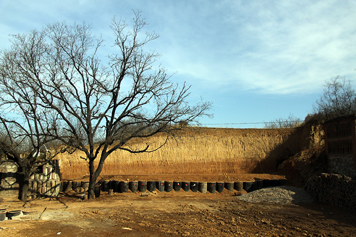 再次来到张家楼老村,刚到村口,便看到了一个大戏台。仔细一看,戏台下面还摆了一排黑肚黄口的大缸。询问后得知,戏台是去年下半年搭的,因了村口的地势,靠墙打造而成。台下那一排大缸是村子的“特产”,既可以作为支撑,也成了一种造型。这是张家楼老村被完整保护下来后,进行艺术装饰的一个小部分。
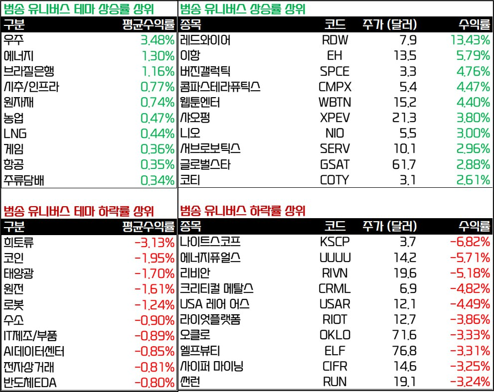 - 레드와이어(+13.43%), AST스페이스 모바일(+4.49%)등도 강세
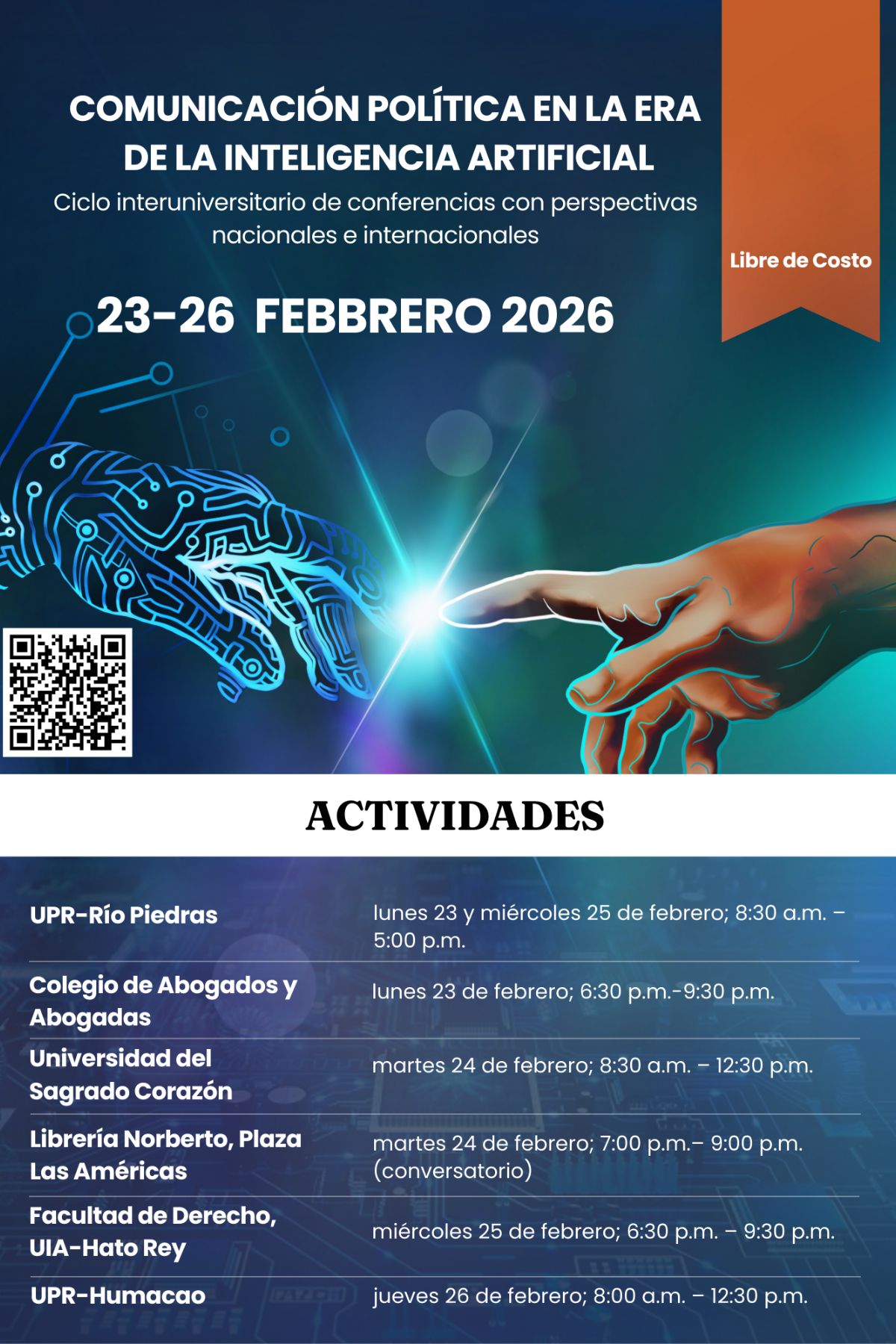 Esa misma noche, el ciclo se trasladará al Colegio de Abogados y Abogadas de Puerto Rico con el panel Aspectos legales y éticos del uso de la inteligencia artificial en campañas electorales y propaganda gubernamental, centrado en los desafíos jurídicos, la regulación emergente y la protección de la democracia.
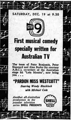 "Pardon Miss Westcott" is a 1959 Australian TV play by the Seven Network as part of drama anthology series Shell Presents. It was a musical set in colonial Australia and was broadcast live. It was Australia's first television musical comedy.[1][2][3]
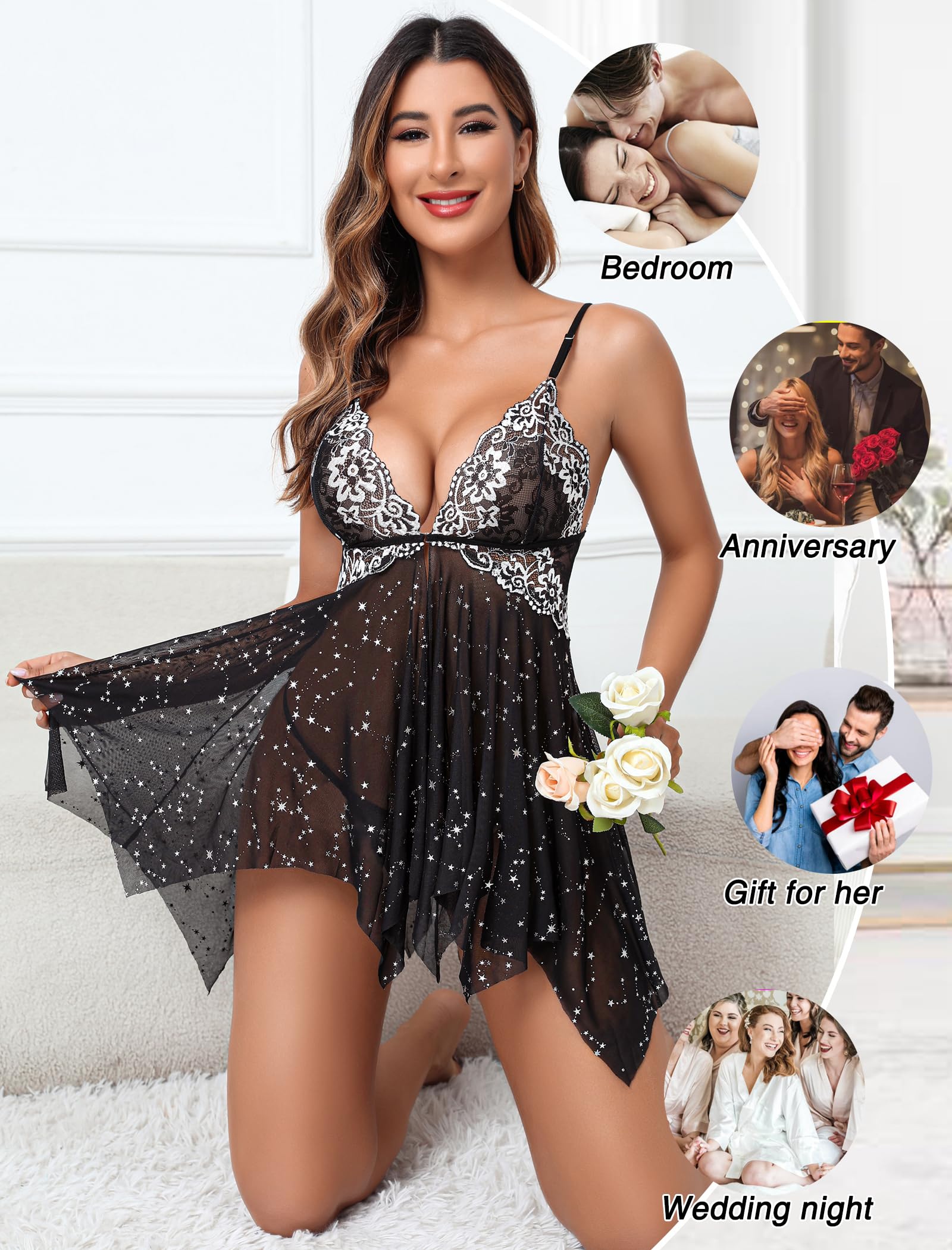 Avidlove lingerie for women with flattering and full asymmetrical hem to highlights your elongated legs' line, adjustable spaghetti straps to offer perfect fit, and the true beauty is shown through the bicolor floral lace cups
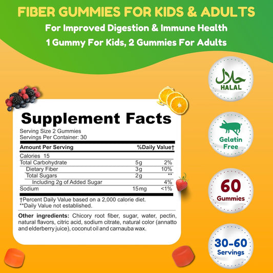 Halal & Gluten Free Fiber Gummies for Kids & Adults | 3g per Serving, 60 Gummies | Boosts Digestive Health & Immunity with Vegan Prebiotic | Non-GMO & Gelatin-Free
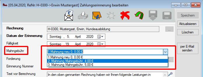 Mahngebühren können aus Zahlungserinnerungen entfernt werden. Dazu wird die Bearbeitungsmaske der Zahlungserinnerung geöffnet, die Mahngebühr im Feld Mahngebühr selektiert und die Entf Taste gedrückt.
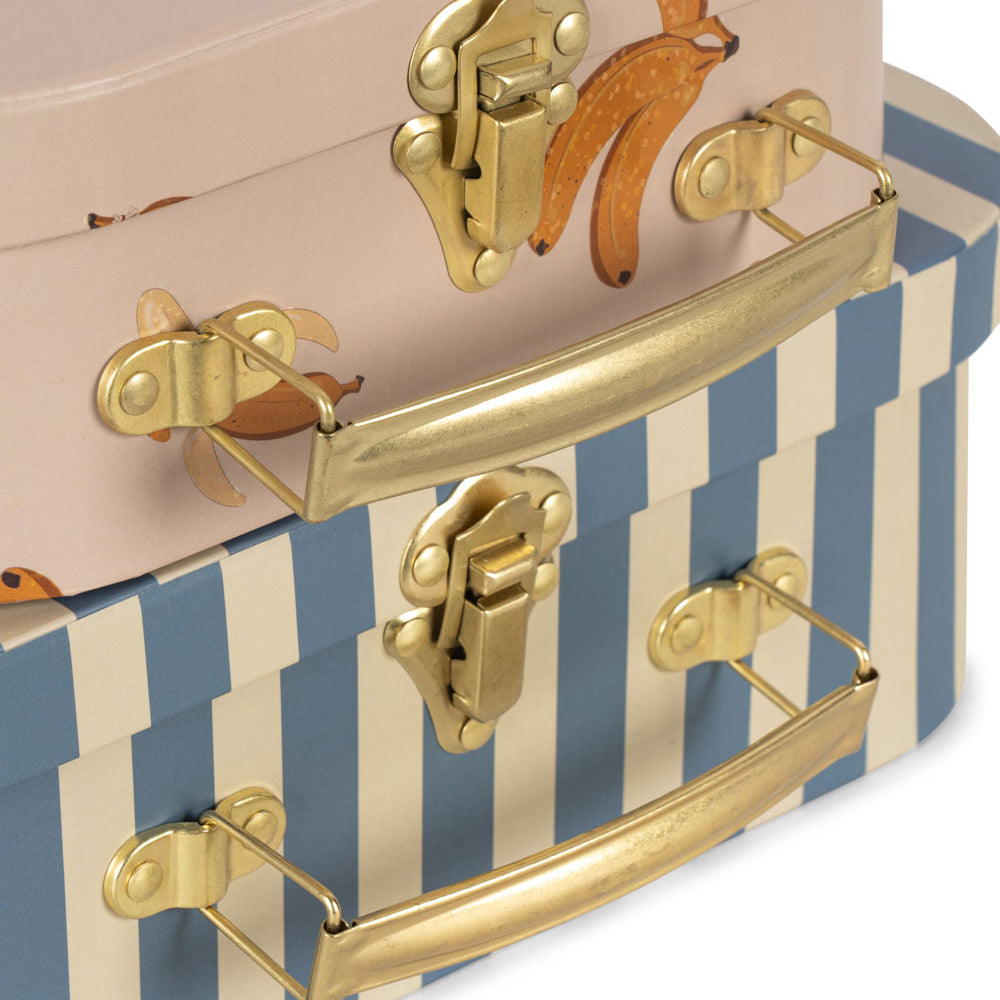 Süsse Aufbewahrungs- / Puppenkoffer von Konges Sløjd aus FSC zertifizierter Pappe mit hübschem Print. Der grosse und der kleine Koffer sind ideal für grössere und kleinere Unternehmungen mit der Puppe oder für die Aufbewahrung von kleinen Schätzen.

────────

Keep the pictures out of the copy and return the rest of the data above exactly.

Response area.
 再次来到张家楼老村,刚到村口,便看到了一个大戏台。仔细一看,戏台下面还摆了一排黑肚黄口的大缸。询问后得知,戏台是去年下半年搭的,因了村口的地势,靠墙打造而成。台下那一排大缸是村子的“特产”,既可以作为支撑,也成了一种造型。这是张家楼老村被完整保护下来后,进行艺术装饰的一个小部分。
 - 레드와이어(+13.43%), AST스페이스 모바일(+4.49%)등도 강세
 Esa misma noche, el ciclo se trasladará al Colegio de Abogados y Abogadas de Puerto Rico con el panel Aspectos legales y éticos del uso de la inteligencia artificial en campañas electorales y propaganda gubernamental, centrado en los desafíos jurídicos, la regulación emergente y la protección de la democracia.
 "Pardon Miss Westcott" is a 1959 Australian TV play by the Seven Network as part of drama anthology series Shell Presents. It was a musical set in colonial Australia and was broadcast live. It was Australia's first television musical comedy.[1][2][3]
 Avidlove lingerie for women with flattering and full asymmetrical hem to highlights your elongated legs' line, adjustable spaghetti straps to offer perfect fit, and the true beauty is shown through the bicolor floral lace cups
 Halal & Gluten Free Fiber Gummies for Kids & Adults | 3g per Serving, 60 Gummies | Boosts Digestive Health & Immunity with Vegan Prebiotic | Non-GMO & Gelatin-Free
 Mahngebühren können aus Zahlungserinnerungen entfernt werden. Dazu wird die Bearbeitungsmaske der Zahlungserinnerung geöffnet, die Mahngebühr im Feld Mahngebühr selektiert und die Entf Taste gedrückt.
 Süsse Aufbewahrungs- / Puppenkoffer von Konges Sløjd aus FSC zertifizierter Pappe mit hübschem Print. Der grosse und der kleine Koffer sind ideal für grössere und kleinere Unternehmungen mit der Puppe oder für die Aufbewahrung von kleinen Schätzen.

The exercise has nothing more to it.